Year-end tax planning strategies for businesses
As 2024 is nearing its end, now is a good time to consider year-end strategies to help reduce the tax your business will owe. The effectiveness of a particular action depends on the circumstances of your business. Here are several possibilities.
Defer income, accelerate deductions
A tried-and-true tactic for tax minimization is to defer income to next year and accelerate deductible expenses into this year. For example, a cash accounting business can defer income by postponing invoices until late in the year or accelerate deductions by paying certain expenses this year.
Accrual accounting businesses have less flexibility in timing, but you can still take some actions. For example, you can deduct year-end bonuses accrued this year even if they aren’t paid until next year (no later than March 15, 2025). You might also be able to defer income from certain advance payments — including licensing fees, subscriptions and membership dues — until next year, depending on how the payments were recorded.
Deferring income and accelerating deductions may not suit every business. The opposite approach is sometimes more beneficial, especially if you anticipate being in a higher tax bracket next year.
Purchase assets by year end
One effective way to generate tax deductions is to buy equipment, machinery and other fixed assets. Ordinarily, these assets are capitalized and depreciated over several years, but there are ways to deduct some asset costs immediately. For example, in 2024, under Section 179 you can deduct $1.22 million in qualifying tangible property and certain computer software costs, subject to phaseout when expenditures exceed $3.05 million in 2024.
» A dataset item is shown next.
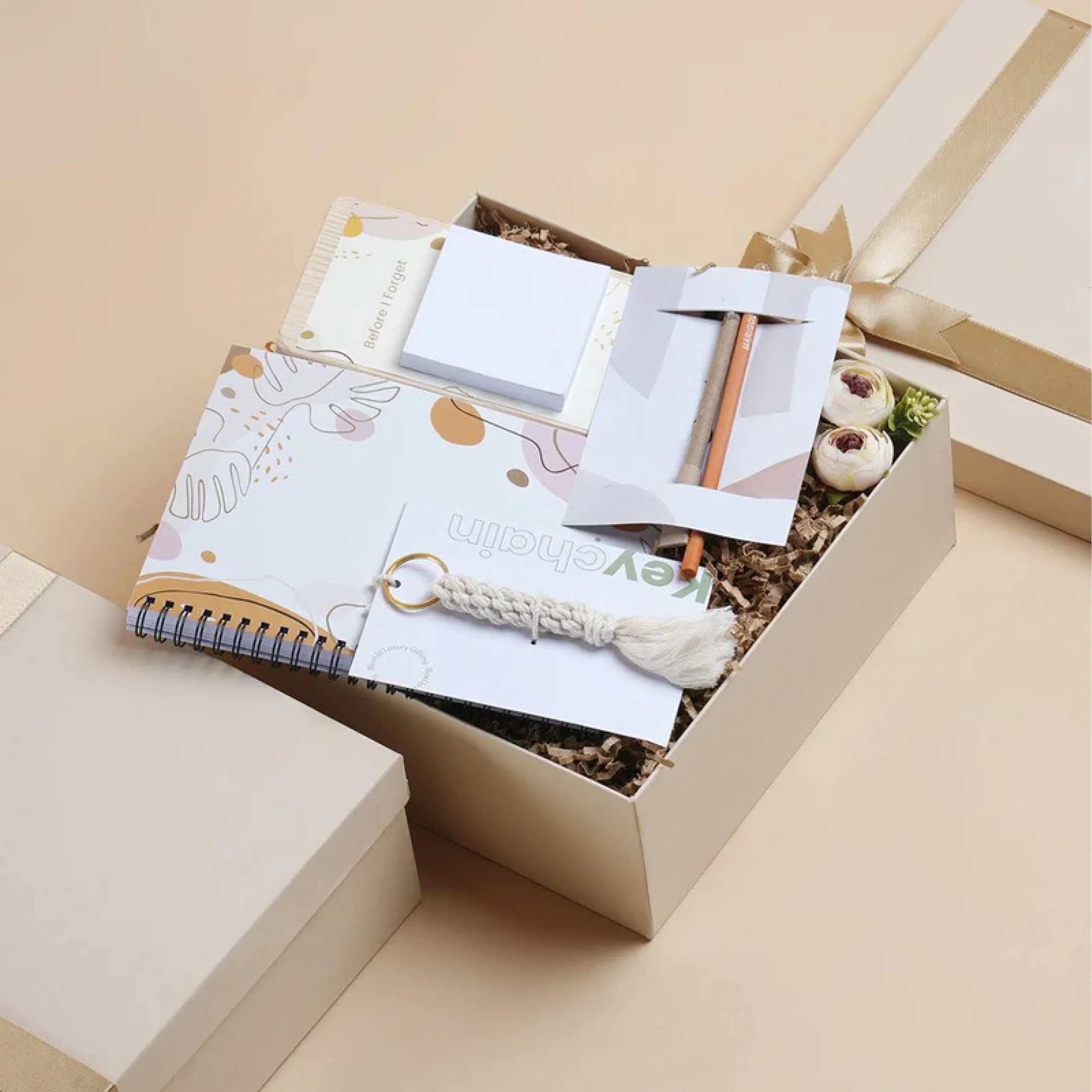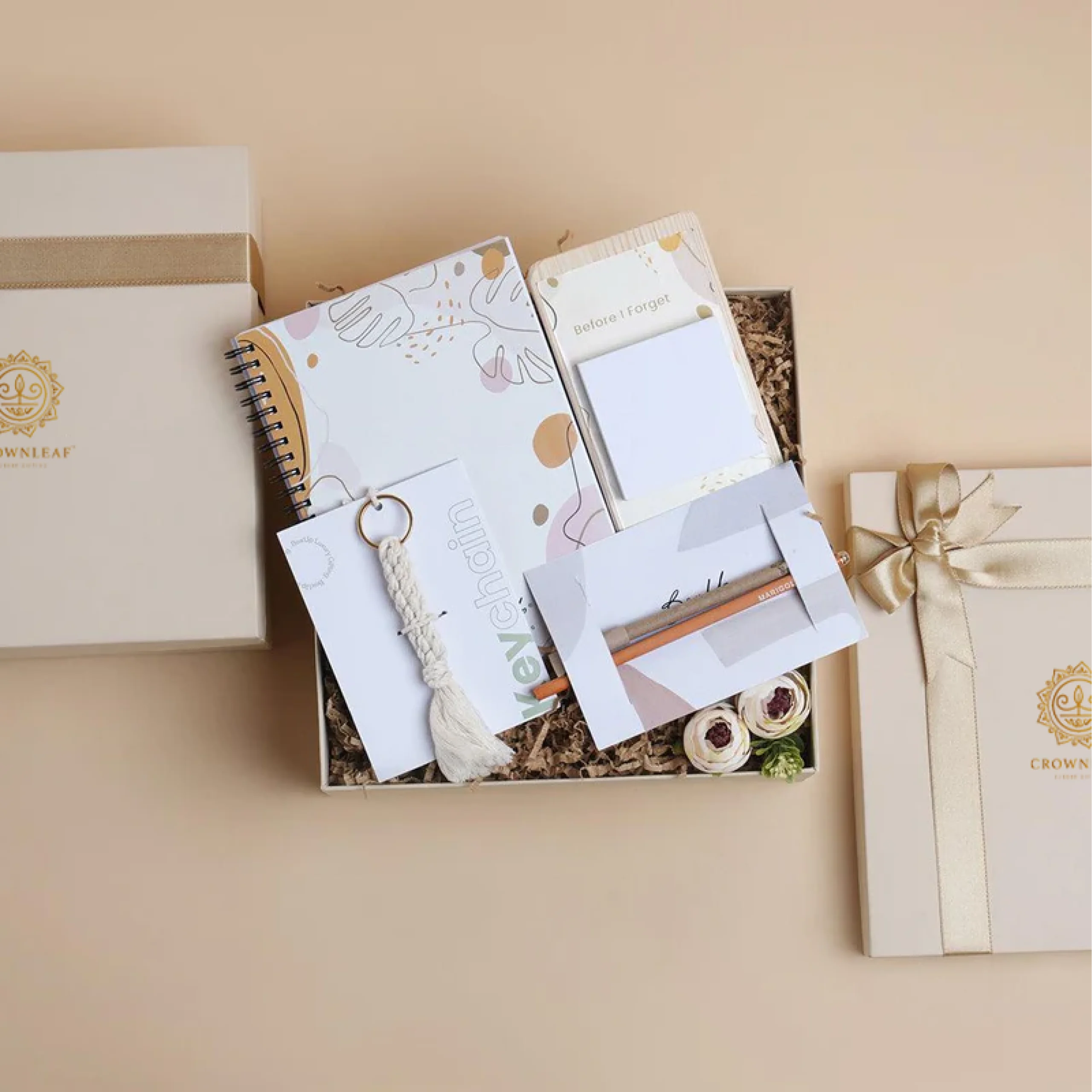 This hamper is carefully curated for someone who takes notes of everything in their life. A spiral-bound notebook with unruled, unmarked pages gives one the freedom to write, journal, scribble, or sketch as one wishes. The magnetic Post-it board can be mounted to any metal surface for easy access to quick notes. The hamper comes with a plant-able seed tip pen and pencil – simply plant them once you are done using it and you will have your very own mini garden! The last item in the hamper is a macrame keychain, perfect to hold all your keys together.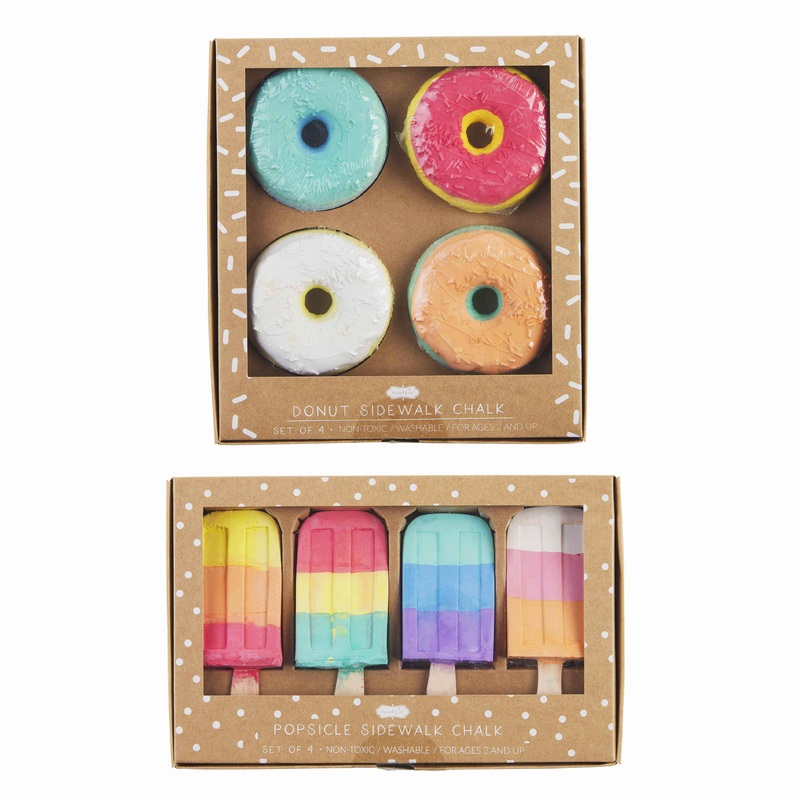 Entertain littles outside with our cleverly designed Sweet Treat Chalk Sets. The set comes with four shaped washable sidewalk chalk. This chalk set is sized perfectly for little hands. The chalk set is intended for children ages 3 and older. The set arrives in a fun gift box.

Bonus depreciation. This year, you can deduct up to 60% of the cost of eligible tangible property, including most equipment and machinery, plus off-the-shelf computer software and certain improvements to nonresidential building interiors. In 2025, the deduction limit will drop to 40%, then to 20% in 2026. After that it vanishes, unless Congress acts to extend it.
Set up a retirement plan
Establishing a retirement plan is an effective way to generate tax benefits. It can also improve employee recruitment and retention efforts.
Certain employers are entitled to tax credits for starting a new plan. In some cases, you can take deductions this year for contributions made after year end. Some plans, including simplified employee pensions, can be adopted and funded after year end but deducted for this year.
See the big picture
Whichever year-end tax strategies you explore, consider how they interact with other tax code provisions. Your tax advisor can help you determine the best combination of year-end planning strategies for your business.
Writing off bad debts
Review your receivables to determine whether any bona fide business debts have become worthless or uncollectible. If so, you may be able to reduce this year’s tax bill by claiming a bad debt deduction.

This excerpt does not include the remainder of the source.